Re: converting from .doc to HTML

From John R. McPherson
DateMon, 1 Apr 2002 23:07:48 +1200
Subject Re: converting from .doc to HTML
In-Reply-To (Pine-LNX-4-33-0204011244170-7102-100000-trinetra-ncb-ernet-in)
On Mon, Apr 01, 2002 at 12:45:45PM +0530, Jayalakshmi-DS wrote:
> Hi,
> We have a problem converting .doc files to html. The WordPlug doesn't
> seem to convert the docs even though the import process completes fine.
> When we click on the icon in the A-Z list what we see is some gibberish ,
> not in English.
> We have tried using the _input-encoding option with ascii and utf
> formats. It just doen't seem to extract the text properly. Thje .doc files
> are saved in Word Document format with lnaguage encoding Western European
> (Windows).
> What could be the problem? Thanks in advance.
> _Jayalakshmi

if wvWare (the 3rd-party program we are using) can't successfully
convert an MS Word file into HTML, then we basically run the unix
"strings" command over the file, which basically extracts all
printable characters, which is why you see the "gibberish".

Perhaps your files were created using Word 2000 or Word XP? The
converter can only handle MS Word versions 2 up to 97.
The people who write wvWare do a good job, but unfortunately it
is a moving target with proprietary formats like MS Word.

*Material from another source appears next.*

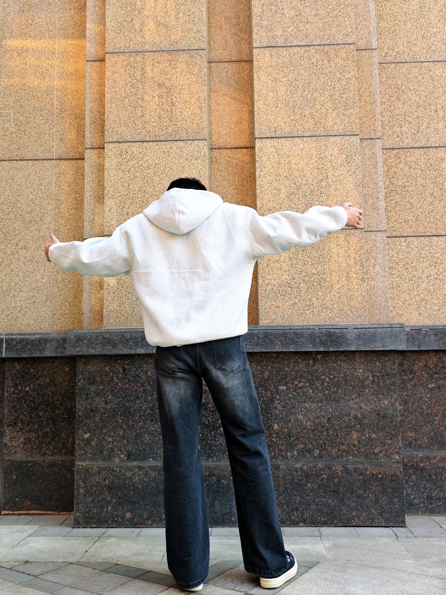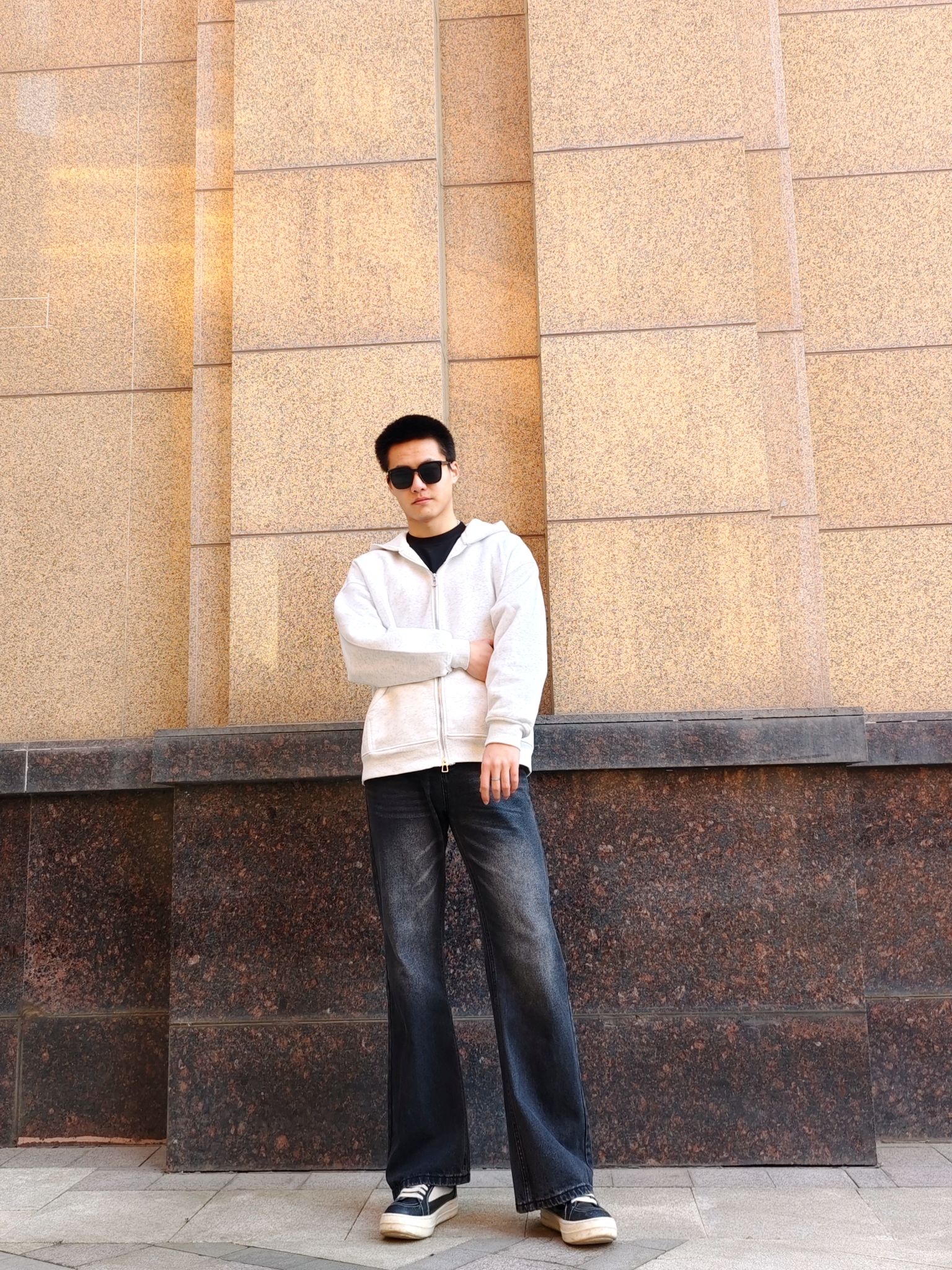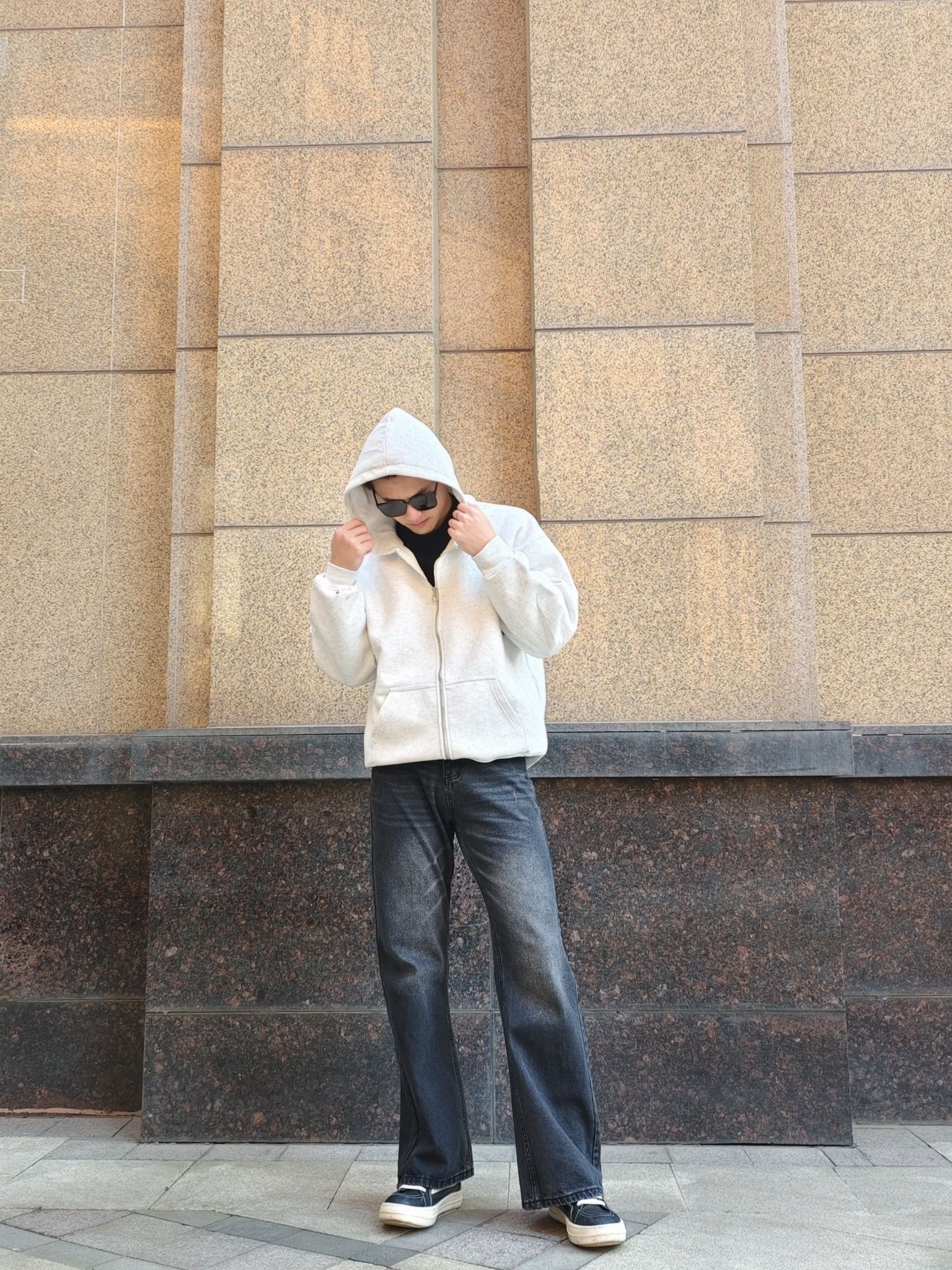 最近挖到的浅灰拉链卫衣真的绝了!面料软糯不闷汗,宽松版型对各种身材都超友好,内搭黑色打底衫,层次感直接拉满。 搭配的微喇牛仔裤更是本命!水洗做旧质感超耐看,微喇裤型悄悄修饰腿型,穿上腿线瞬间拉长,裤长刚好盖住鞋边,自带慵懒感 最后配上一双黑白板鞋,整套Cleanfit风就成了!鞋子轻便不累脚,黑白配色万能不挑衣,走哪都舒服。百元价位拿下这套穿搭,性价比真的超高!

Another possibility is that the files have a .DOC extension but
aren't proper Word files. For example, you can give a plain text
file or Rich Text Format (RTF) file a .DOC extension and MS Word
handles this, although I think our import process will detect this
and work if it is in fact RTF, although I don't know how many
different formats this works for.

John McPherson.